I go find a public toilet.
Reply 7
Not this again :colondollar:
Reply 8
Original post by Movember
what do you do? poll included so you can answer that. has anyone been unfortunate enough for this to happen to them?:redface:


McDonalds or your local cinema usually have fairly decent toilets that are cleaned regularly, if you go in your local pub, you may have to wipe urine off the seats yourself.
I always go before leaving.
Reply 10
I remember the last time we had this thread, someone actually thought it should be illegal to defecate in a public toilet and that anyone doing so was a sick human being :teehee: Oh TSR. Ever the paragon of normality.
Reply 11
Pooping in a public loo is better than messing yourself. If I couldn't hold it I would go into a toilet.
Reply 12
Original post by kerily
I remember the last time we had this thread, someone actually thought it should be illegal to defecate in a public toilet and that anyone doing so was a sick human being :teehee: Oh TSR. Ever the paragon of normality.
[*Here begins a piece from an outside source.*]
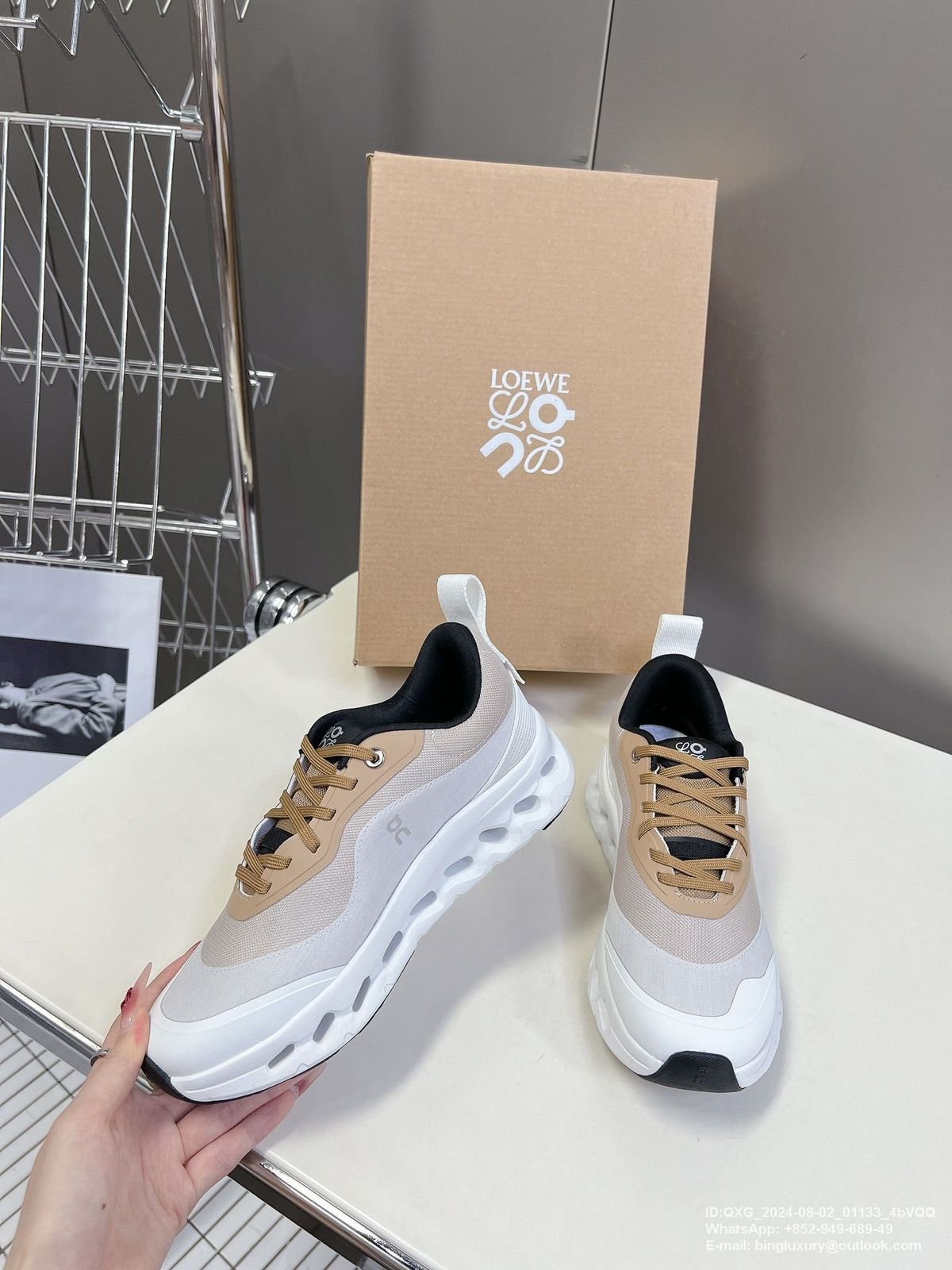On Cloud X Loewe White Beige Gold Sneakers

I remember it well. I got so incensed at that 'never poo in public' person

the arguments ensuing were quite funny
Reply 13
Original post by Cool Cat
I remember it well. I got so incensed at that 'never poo in public' person

the arguments ensuing were quite funny


I don't understand how it even affects you if someone else decides to do that. Like, if they don't flush, then they should be burnt alive, but that goes for anyone who doesn't flush. (I exaggerate. But only just!) If they do flush, does it actually matter?
Reply 14
Find the nearest toilet. Take care of business.

I've gone in front of a room full of people (not purposely), including the man I frequently sleep with, whilst giving birth. At all three labours. My dignity is officially at zero levels :redface:
Department stores always have the cleanest, nicest toilets I find. Cleaner and nicer than my own, in fact.
Original post by Lyde
Find the nearest toilet. Take care of business.
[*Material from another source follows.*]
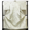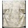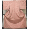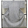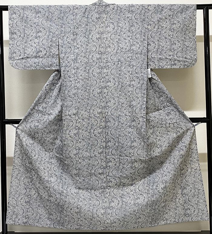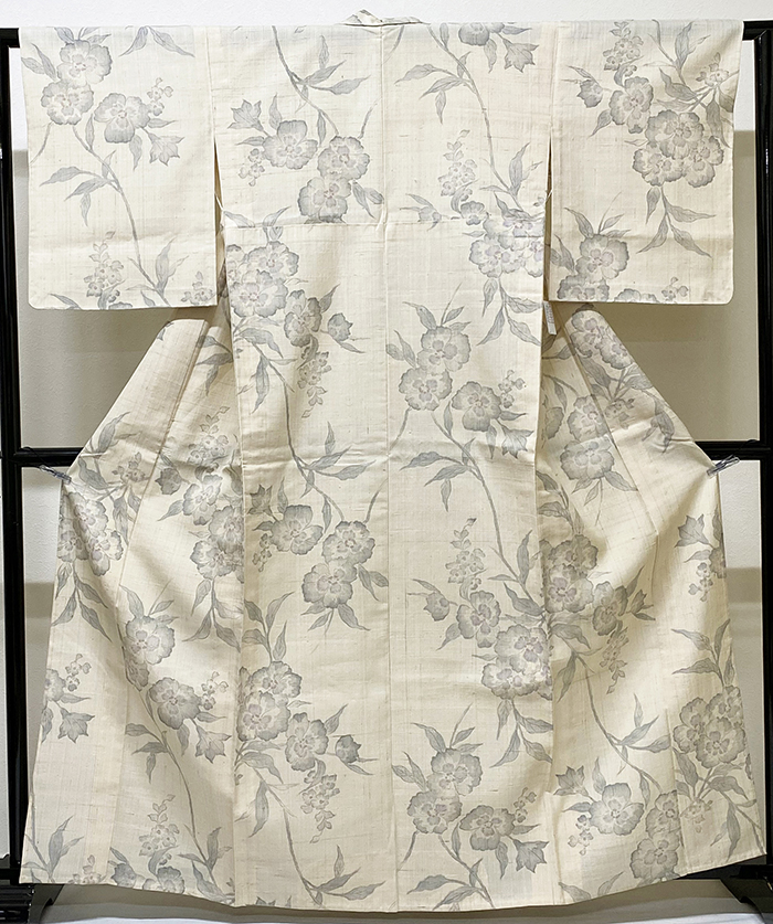 確りした張りのある薄手の少し透けた紬織り生地で、淡いベージュ色の地織りに、大きな花柄を薄ネズ色濃淡と少しの薄小豆色を加えて染めた品。背伏せは別生地が付き、正絹白絽の衿裏が付いた手縫いの単衣仕立て。後ろ身頃の裾に力布が付いた丁寧な仕立ての品です。

I've gone in front of a room full of people (not purposely), including the man I frequently sleep with, whilst giving birth. At all three labours. My dignity is officially at zero levels :redface:
:zomg:
Reply 17
Original post by Lyde
I've gone in front of a room full of people (not purposely), including the man I frequently sleep with, whilst giving birth. At all three labours. My dignity is officially at zero levels :redface:

You have my sympathy. :tongue:
Reply 18
Original post by Lyde
Find the nearest toilet. Take care of business.

I've gone in front of a room full of people (not purposely), including the man I frequently sleep with, whilst giving birth. At all three labours. My dignity is officially at zero levels :redface:


This is why I'm glad I'll probably never be expected to give birth :yy:
Original post by whyumadtho
:zomg:


Hate to break it to you, but while you're pushing a small person out of you, pooing is somewhat inevitable.